> _What is being asked_:
Nothing but the lines below from the one containing "В 703 комнату" through the one containing "ガソリン価格はじわじわと上が" should appear in the answer, exact and without pictures.

> _Provided entries_:
•••

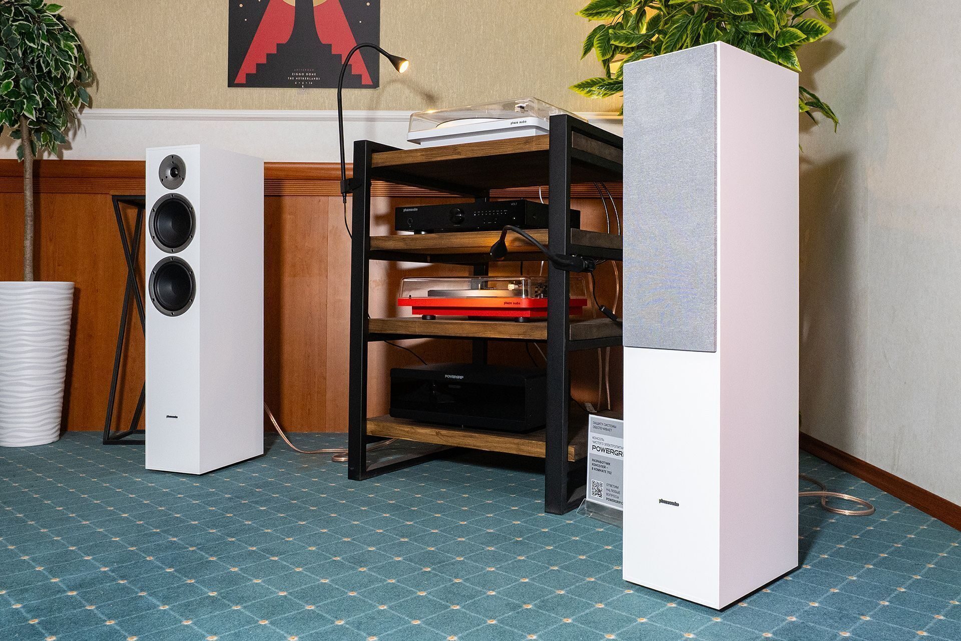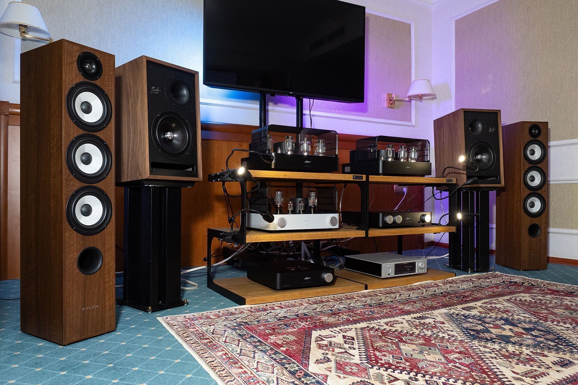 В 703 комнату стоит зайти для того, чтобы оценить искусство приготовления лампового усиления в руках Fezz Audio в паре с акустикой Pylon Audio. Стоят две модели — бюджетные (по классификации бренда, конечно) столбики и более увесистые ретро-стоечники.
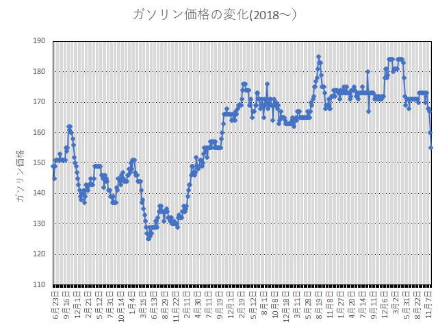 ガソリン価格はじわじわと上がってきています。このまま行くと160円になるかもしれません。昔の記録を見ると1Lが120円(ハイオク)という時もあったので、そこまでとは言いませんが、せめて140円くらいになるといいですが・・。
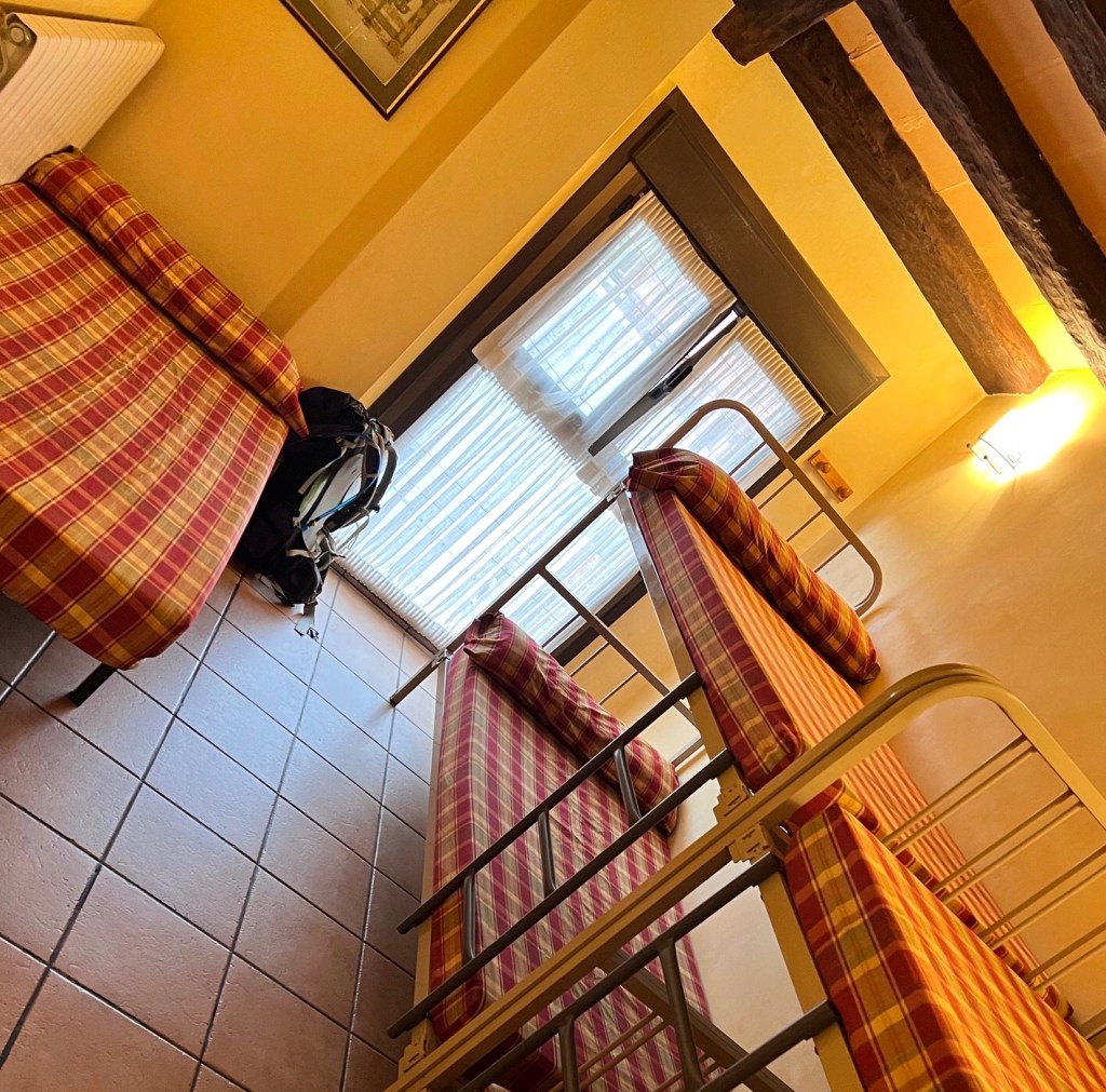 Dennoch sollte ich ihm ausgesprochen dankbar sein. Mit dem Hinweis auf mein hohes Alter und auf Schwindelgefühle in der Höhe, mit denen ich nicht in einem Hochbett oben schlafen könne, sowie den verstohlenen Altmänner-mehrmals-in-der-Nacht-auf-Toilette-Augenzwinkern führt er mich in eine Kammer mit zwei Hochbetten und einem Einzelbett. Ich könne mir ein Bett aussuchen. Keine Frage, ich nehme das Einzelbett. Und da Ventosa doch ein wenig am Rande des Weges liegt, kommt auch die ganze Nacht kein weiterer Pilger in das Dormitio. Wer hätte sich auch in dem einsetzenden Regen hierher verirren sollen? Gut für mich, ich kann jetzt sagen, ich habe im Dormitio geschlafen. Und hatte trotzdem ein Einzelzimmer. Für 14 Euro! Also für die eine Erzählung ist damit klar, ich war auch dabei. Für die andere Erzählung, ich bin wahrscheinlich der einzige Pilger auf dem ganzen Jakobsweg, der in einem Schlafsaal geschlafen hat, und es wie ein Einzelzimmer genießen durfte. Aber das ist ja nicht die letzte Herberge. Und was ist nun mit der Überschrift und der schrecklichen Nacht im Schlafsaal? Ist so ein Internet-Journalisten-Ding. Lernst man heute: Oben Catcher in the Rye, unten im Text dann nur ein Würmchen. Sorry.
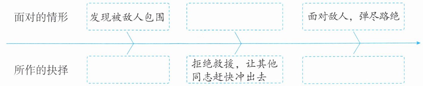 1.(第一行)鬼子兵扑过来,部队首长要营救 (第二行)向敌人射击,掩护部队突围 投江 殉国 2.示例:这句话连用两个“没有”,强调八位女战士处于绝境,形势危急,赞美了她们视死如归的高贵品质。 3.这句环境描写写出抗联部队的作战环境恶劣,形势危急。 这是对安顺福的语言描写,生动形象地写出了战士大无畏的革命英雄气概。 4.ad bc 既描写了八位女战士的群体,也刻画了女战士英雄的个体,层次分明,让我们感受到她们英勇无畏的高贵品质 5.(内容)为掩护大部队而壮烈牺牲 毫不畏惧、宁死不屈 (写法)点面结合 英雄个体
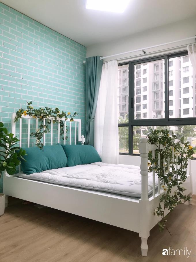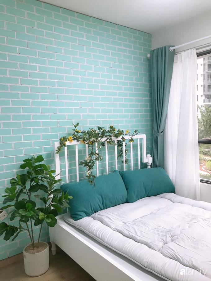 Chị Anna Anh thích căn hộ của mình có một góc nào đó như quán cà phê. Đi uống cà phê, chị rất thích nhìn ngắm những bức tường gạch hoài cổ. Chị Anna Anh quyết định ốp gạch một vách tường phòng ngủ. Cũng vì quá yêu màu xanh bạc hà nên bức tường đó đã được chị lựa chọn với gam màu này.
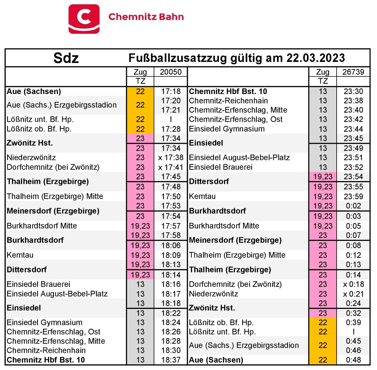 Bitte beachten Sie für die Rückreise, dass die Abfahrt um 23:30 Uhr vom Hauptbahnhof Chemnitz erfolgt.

•••

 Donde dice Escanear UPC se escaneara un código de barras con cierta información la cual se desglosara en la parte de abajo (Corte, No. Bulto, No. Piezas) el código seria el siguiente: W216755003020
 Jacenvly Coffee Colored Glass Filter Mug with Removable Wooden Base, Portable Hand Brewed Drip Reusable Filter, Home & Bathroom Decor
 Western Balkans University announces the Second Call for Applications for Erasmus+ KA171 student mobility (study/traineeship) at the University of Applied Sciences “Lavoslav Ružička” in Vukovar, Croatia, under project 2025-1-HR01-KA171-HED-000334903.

•••

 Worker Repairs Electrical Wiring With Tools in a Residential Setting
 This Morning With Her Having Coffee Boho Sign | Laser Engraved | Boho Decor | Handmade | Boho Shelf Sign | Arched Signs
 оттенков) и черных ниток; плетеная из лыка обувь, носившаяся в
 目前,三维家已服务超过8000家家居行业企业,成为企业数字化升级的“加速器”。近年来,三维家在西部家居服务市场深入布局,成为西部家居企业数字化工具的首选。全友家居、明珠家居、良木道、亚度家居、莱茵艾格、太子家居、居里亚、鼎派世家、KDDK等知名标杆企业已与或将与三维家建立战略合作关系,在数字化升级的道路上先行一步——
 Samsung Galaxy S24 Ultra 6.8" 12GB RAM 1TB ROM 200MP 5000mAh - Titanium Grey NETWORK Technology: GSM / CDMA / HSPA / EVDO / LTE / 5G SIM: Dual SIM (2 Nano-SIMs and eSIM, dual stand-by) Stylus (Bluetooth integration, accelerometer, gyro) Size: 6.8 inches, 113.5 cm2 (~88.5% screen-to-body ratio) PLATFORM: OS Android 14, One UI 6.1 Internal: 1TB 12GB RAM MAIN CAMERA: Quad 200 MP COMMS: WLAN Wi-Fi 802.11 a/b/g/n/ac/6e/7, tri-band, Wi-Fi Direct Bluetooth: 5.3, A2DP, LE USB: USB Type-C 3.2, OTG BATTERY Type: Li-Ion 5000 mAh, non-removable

•••

> _Task answer_:
 В 703 комнату стоит зайти для того, чтобы оценить искусство приготовления лампового усиления в руках Fezz Audio в паре с акустикой Pylon Audio. Стоят две модели — бюджетные (по классификации бренда, конечно) столбики и более увесистые ретро-стоечники.
 ガソリン価格はじわじわと上がってきています。このまま行くと160円になるかもしれません。昔の記録を見ると1Lが120円(ハイオク)という時もあったので、そこまでとは言いませんが、せめて140円くらいになるといいですが・・。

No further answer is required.